* **Given records**:
------------------------------------
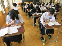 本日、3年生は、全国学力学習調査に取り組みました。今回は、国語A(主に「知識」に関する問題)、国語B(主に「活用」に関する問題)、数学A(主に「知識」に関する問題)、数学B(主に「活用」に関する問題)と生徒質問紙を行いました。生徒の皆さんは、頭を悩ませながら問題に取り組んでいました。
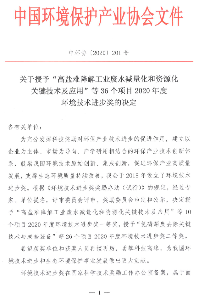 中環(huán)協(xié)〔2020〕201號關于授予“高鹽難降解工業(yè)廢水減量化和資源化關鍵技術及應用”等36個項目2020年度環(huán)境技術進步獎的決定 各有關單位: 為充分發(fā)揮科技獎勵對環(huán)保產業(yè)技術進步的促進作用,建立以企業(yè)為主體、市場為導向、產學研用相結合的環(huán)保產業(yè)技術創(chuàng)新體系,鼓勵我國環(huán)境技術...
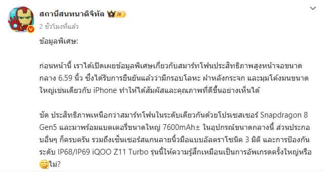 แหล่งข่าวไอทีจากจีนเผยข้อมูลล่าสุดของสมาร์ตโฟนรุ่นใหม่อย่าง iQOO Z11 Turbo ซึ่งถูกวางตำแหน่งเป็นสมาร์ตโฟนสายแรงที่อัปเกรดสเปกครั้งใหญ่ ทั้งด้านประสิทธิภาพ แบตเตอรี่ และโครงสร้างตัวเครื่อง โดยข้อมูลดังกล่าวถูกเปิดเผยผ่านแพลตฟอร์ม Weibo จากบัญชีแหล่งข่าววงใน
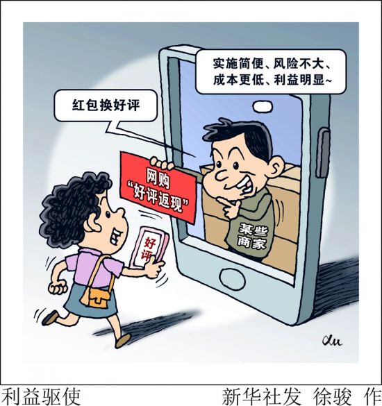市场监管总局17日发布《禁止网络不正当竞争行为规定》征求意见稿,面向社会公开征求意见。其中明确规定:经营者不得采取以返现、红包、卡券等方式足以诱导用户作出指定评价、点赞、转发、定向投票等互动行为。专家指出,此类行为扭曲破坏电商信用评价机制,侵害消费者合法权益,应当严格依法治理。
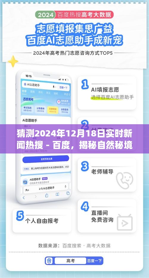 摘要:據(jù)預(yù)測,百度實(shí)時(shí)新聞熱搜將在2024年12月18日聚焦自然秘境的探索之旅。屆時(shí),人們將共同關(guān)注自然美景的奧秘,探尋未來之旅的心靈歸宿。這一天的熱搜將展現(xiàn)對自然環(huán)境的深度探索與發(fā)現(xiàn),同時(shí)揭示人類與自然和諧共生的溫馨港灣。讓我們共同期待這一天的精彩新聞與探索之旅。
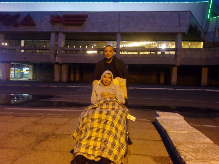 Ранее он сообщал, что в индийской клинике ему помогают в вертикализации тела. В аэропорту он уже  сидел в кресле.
------------------------------------
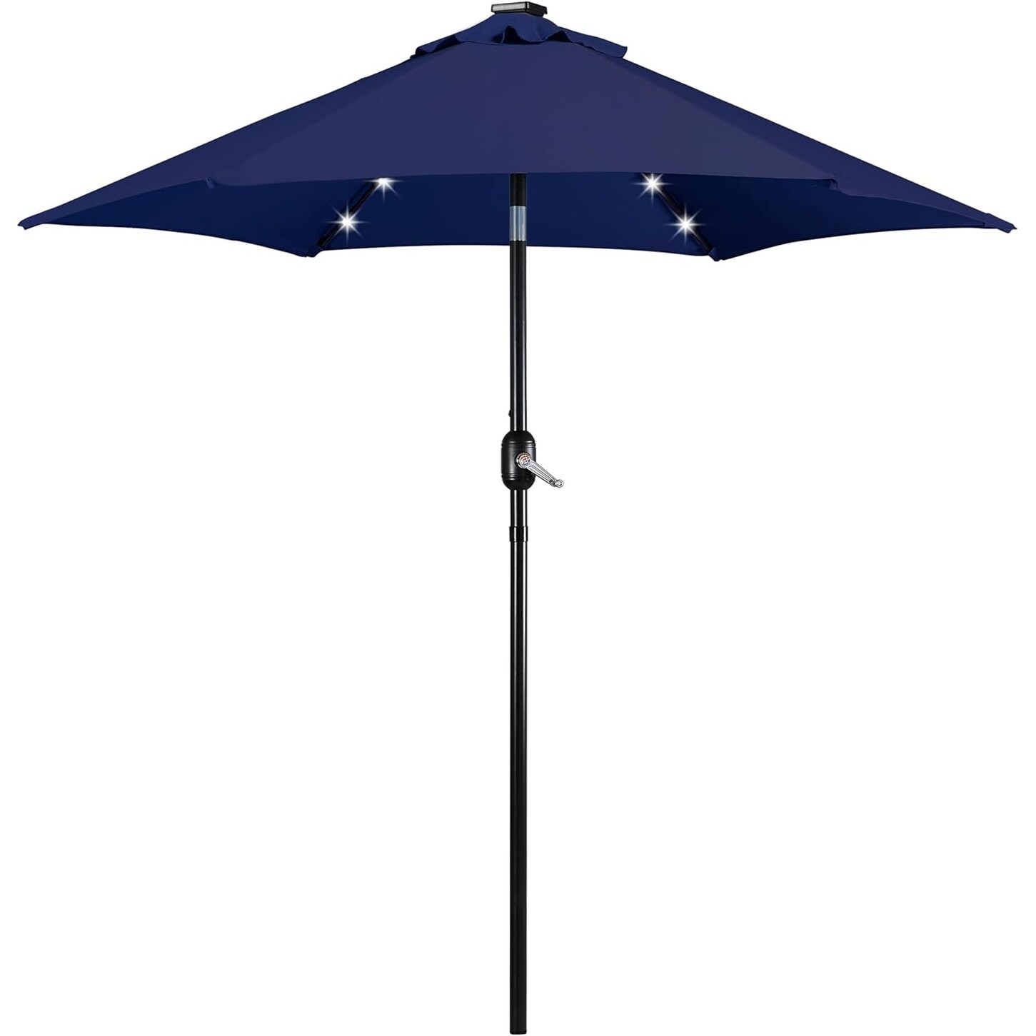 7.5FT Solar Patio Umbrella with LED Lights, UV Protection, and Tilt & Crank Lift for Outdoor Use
------------------------------------
* **Exercise instructions**:
Print everything from the line with "市场监管总局17日发布《禁止" down to the line with "Ранее он сообщал, что" in the entries above, both lines included and nothing more, without the pictures.

* **Solved exercise**:
市场监管总局17日发布《禁止网络不正当竞争行为规定》征求意见稿,面向社会公开征求意见。其中明确规定:经营者不得采取以返现、红包、卡券等方式足以诱导用户作出指定评价、点赞、转发、定向投票等互动行为。专家指出,此类行为扭曲破坏电商信用评价机制,侵害消费者合法权益,应当严格依法治理。
 摘要:據(jù)預(yù)測,百度實(shí)時(shí)新聞熱搜將在2024年12月18日聚焦自然秘境的探索之旅。屆時(shí),人們將共同關(guān)注自然美景的奧秘,探尋未來之旅的心靈歸宿。這一天的熱搜將展現(xiàn)對自然環(huán)境的深度探索與發(fā)現(xiàn),同時(shí)揭示人類與自然和諧共生的溫馨港灣。讓我們共同期待這一天的精彩新聞與探索之旅。
 Ранее он сообщал, что в индийской клинике ему помогают в вертикализации тела. В аэропорту он уже  сидел в кресле.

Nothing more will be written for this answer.